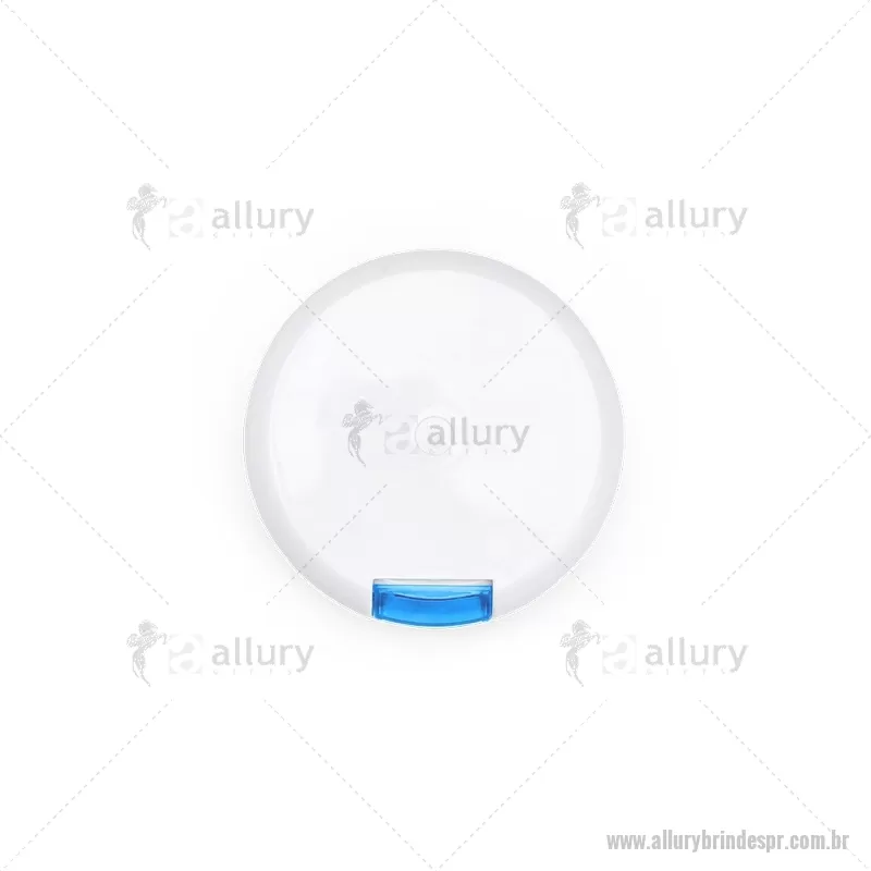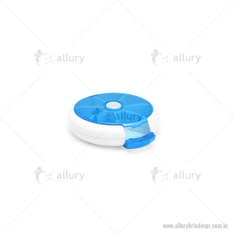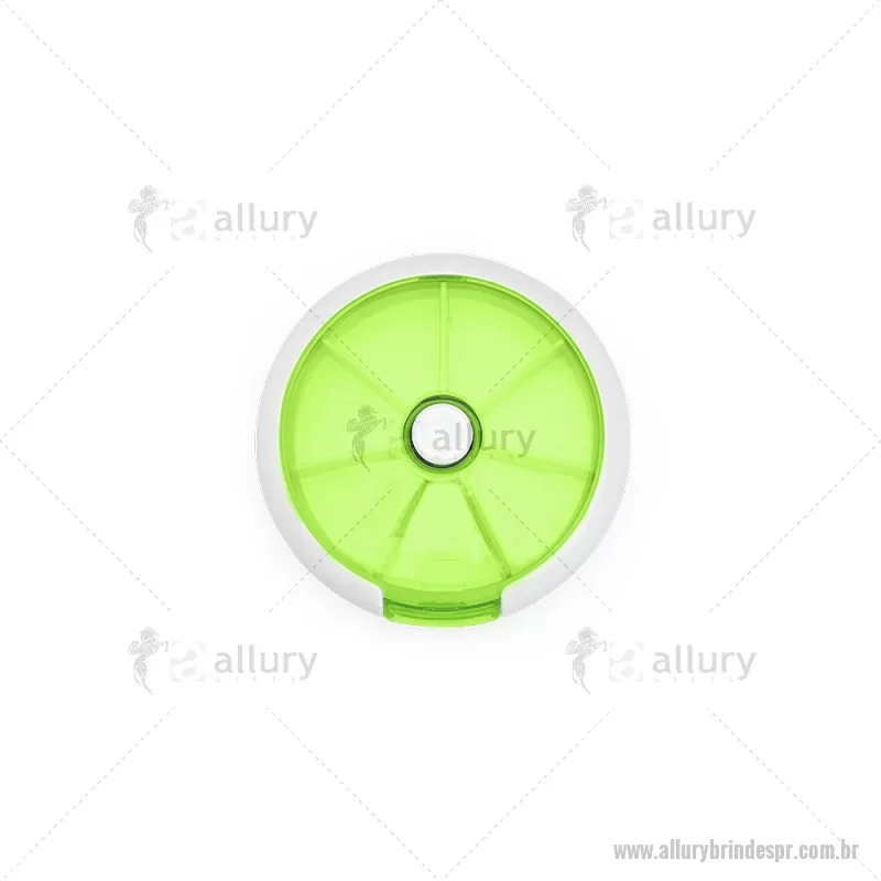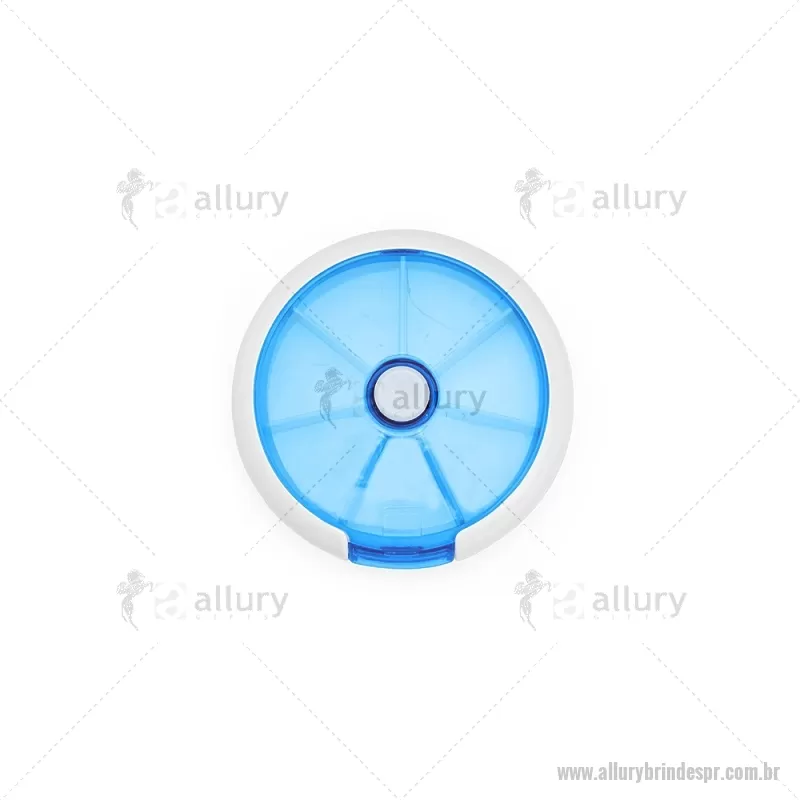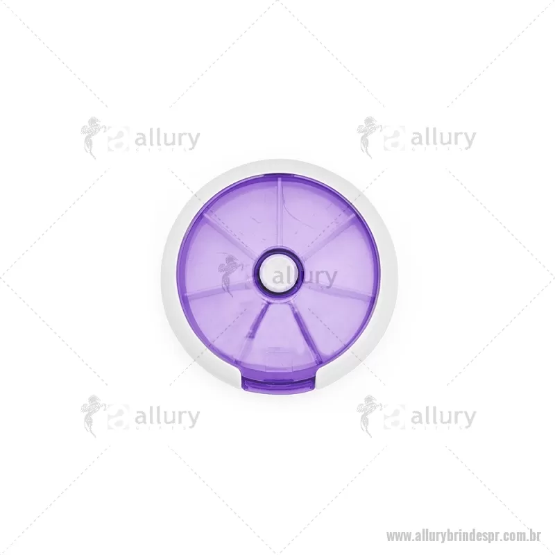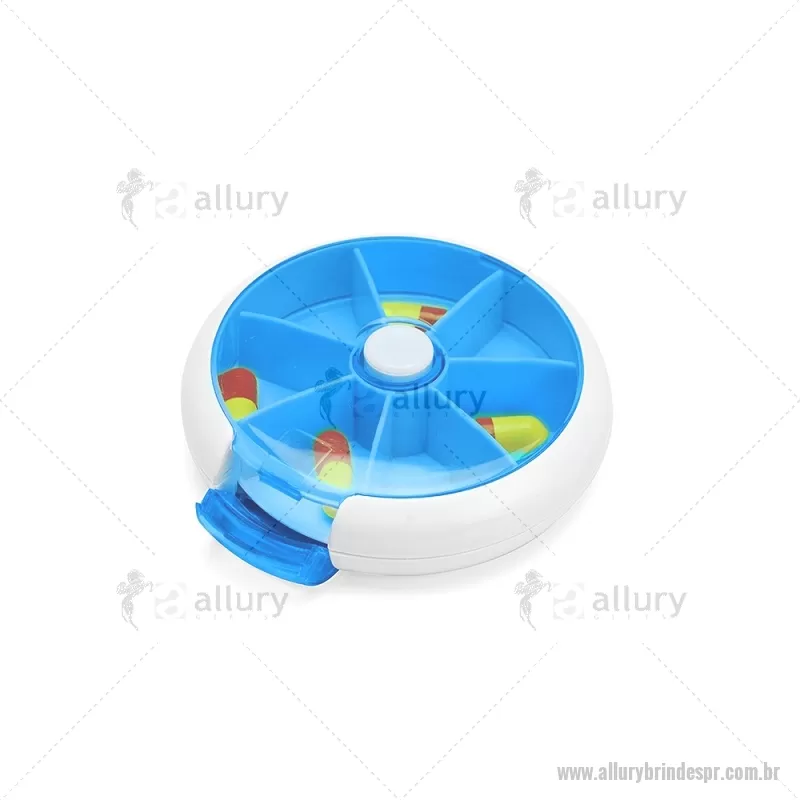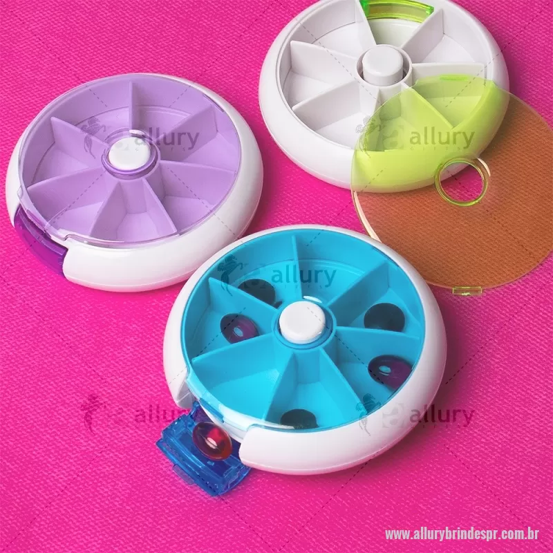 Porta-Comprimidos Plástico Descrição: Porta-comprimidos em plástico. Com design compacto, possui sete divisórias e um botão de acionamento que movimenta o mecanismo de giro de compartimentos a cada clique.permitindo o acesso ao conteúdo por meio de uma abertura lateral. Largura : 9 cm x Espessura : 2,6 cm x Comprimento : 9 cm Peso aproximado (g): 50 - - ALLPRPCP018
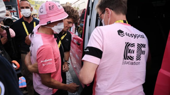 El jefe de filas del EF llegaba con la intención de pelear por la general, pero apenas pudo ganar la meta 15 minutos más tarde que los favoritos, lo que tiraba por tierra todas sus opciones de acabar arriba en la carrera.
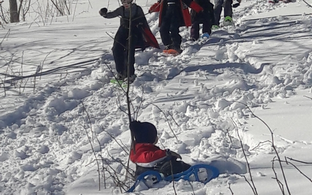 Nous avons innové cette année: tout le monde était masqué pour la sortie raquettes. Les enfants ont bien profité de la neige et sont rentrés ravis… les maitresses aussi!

-*-*-

▶ **Task item**
Copy the whole of the material above exactly, and exclude every picture.

▶ **Output of the exercise**
 Porta-Comprimidos Plástico Descrição: Porta-comprimidos em plástico. Com design compacto, possui sete divisórias e um botão de acionamento que movimenta o mecanismo de giro de compartimentos a cada clique.permitindo o acesso ao conteúdo por meio de uma abertura lateral. Largura : 9 cm x Espessura : 2,6 cm x Comprimento : 9 cm Peso aproximado (g): 50 - - ALLPRPCP018
 El jefe de filas del EF llegaba con la intención de pelear por la general, pero apenas pudo ganar la meta 15 minutos más tarde que los favoritos, lo que tiraba por tierra todas sus opciones de acabar arriba en la carrera.
 Nous avons innové cette année: tout le monde était masqué pour la sortie raquettes. Les enfants ont bien profité de la neige et sont rentrés ravis… les maitresses aussi!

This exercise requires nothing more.